Aunque parece ser suyo y usted cree que debería ser suyo, por haber
dado a la sociedad lo que usted le dio, sólo una décima parte de él,
aproximadamente, puede caer bajo su control, SIEMPRE QUE USTED SEA
HABIL CON EL PAPELERIO.
El resto
pasa a agentes, impuestos, contadores, abogados, personal
especializado, gobiernos, sindicatos y empleadores, que usted
deberá contratar para seguir el rastro de todo esto y pagar los
impuestos correspondientes a sus empleados. No tiene ninguna
importancia que usted no sepa dónde contratar a las personas que
puedan hacer esto, que no sepa en quién confiar o que no conozca
todos los artículos que deberá pagar; tendrá que pagarlos, de
cualquier modo.
Sírvase
comenzar por la página uno y lea sin detenerse hasta la página 923,
memorizando cada una de las líneas. Entonces podrá salir a disfrutar
de una cena deducible, siempre que se haga acompañar por un
comerciante, hable de negocios, guarde el recibo y anote con quién
ha compartido la comida. Si no lo hace, habrá gastado, en realidad,
el doble de lo que creyó haber gastado al pagar.
Desde
ahora en adelante, viva su vida estrictamente de acuerdo con las
reglas aquí enumeradas; así, nosotros, su gobierno, podremos
permitirle existir un tiempo más. De otro modo, abandonad toda
esperanza, los que aquí entráis.
Ni
siquiera un folleto. Supuestamente, toda persona capaz de componer
una canción encantadora es un contador competente, además de
archivista y custodio de créditos y débitos pagaderos a las
invisibles direcciones de ciudad, estado y nación. Si una o dos de
esas personas no están a la altura de la tarea, si no han sido
bendecidas con una mente ordenada, capaz de comprender las normas de
la registración
cuidadosa, su estrella es bajada con red del firmamento y encerrada
en una celda carcelaria. Allí deben dedicar todo su talento a
aprender las costumbres de las celdas, a dominar esa aburrida
materia, aunque tenga gusto a cartón; Han de pasar años en una
rígida oscuridad, antes de que su estrella pueda volver a brillar,
sí de ella queda una chispa.
¡Cuánta
energía malgastada! ¿Cuántos otros filmes, cuántos otros libros,
cuántas canciones quedan sin cantar mientras esas horas, esos meses,
esos años se derraman por lujosas ratoneras burocráticas de
abogados, contadores, asesores, consejeros y consultores, a los que
se paga en medio de la desesperación, buscando ayuda?
Calma,
Richard. Estás echando un vistazo a tu futuro. Si quieres seguir
viviendo en este país, la cautelosa atención prestada al dinero y a
sus registros será un collar sofocante amarrado a tu cuello.
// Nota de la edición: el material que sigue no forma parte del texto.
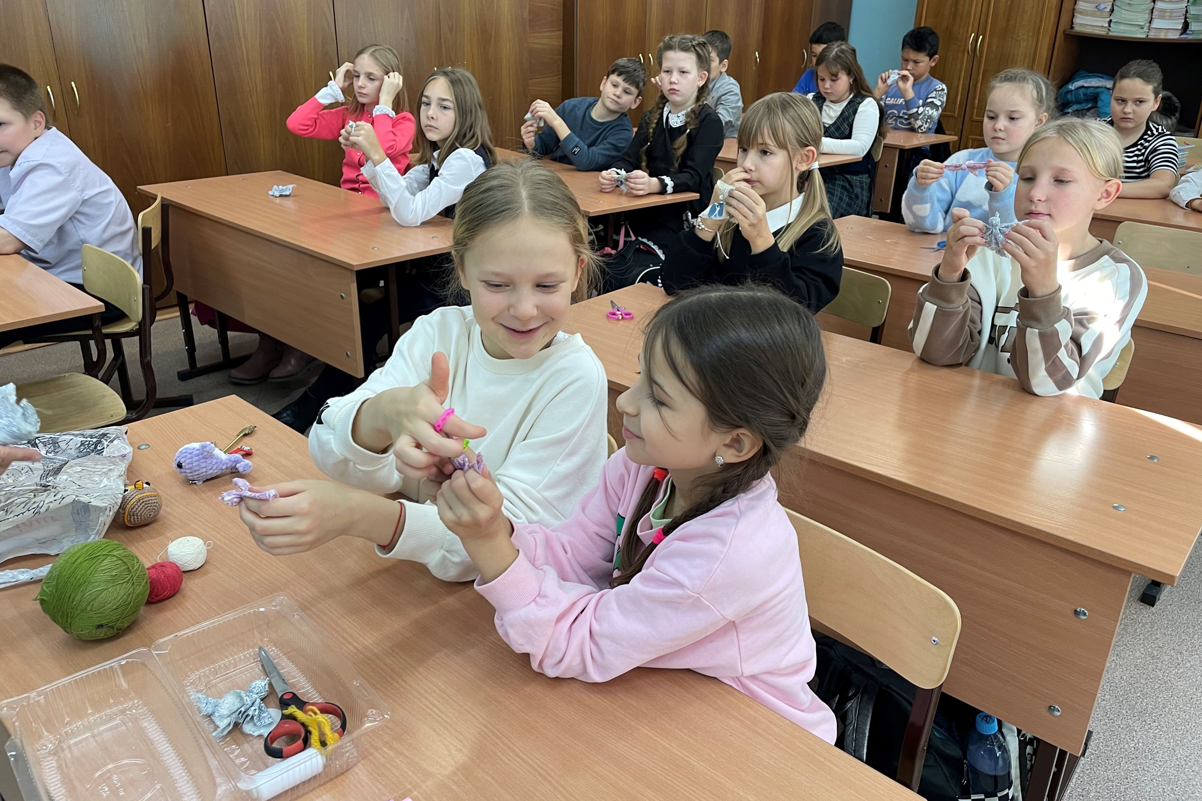 10 ноября сотрудники детской библиотеки № 7 провели познавательный мастер-класс для учащихся 3 «а» класса МБОУ «СОШ №59». Несмотря на название «Синичкин день», праздник посвящен не только синицам, но и остальным птицам, которые остаются на зимовку в регионах России. А синичка стала символом, потому что это одна из самых распространенных и узнаваемых «зимних» птичек. Дети с удовольствием слушали «Синичкин календарь» Виталия Бианки», разные народные приметы из журналов «Свирелька» о том, что в сентябре синица осень в гости зовет, прилетели синицы, жди наступления холодов, интересный рассказ о жизни большой синицы, веселые стихи Павла Барто и Ирины Токмаковой об этой птице. Потом все вместе занимались русской тряпичной куклой, усердно и терпеливо мастерили из лоскутков ткани птичку синичку, помогали друг другу. Дети радостно играли с ними, обязательно устроили фотосессию и собирались дома сделать таких же для всех членов семьи.

Forcejea contra él, tira y te estrangularás. Debes tomarlo con
calma, con garbo, caminar lentamente, mostrarte de acuerdo con
todos los organismos oficiales y con todos los inspectores que
conozcas, sonreír dulcemente y... si lo haces, se te permitirá
respirar sin pender por el cuello hasta la muerte en esa cadena.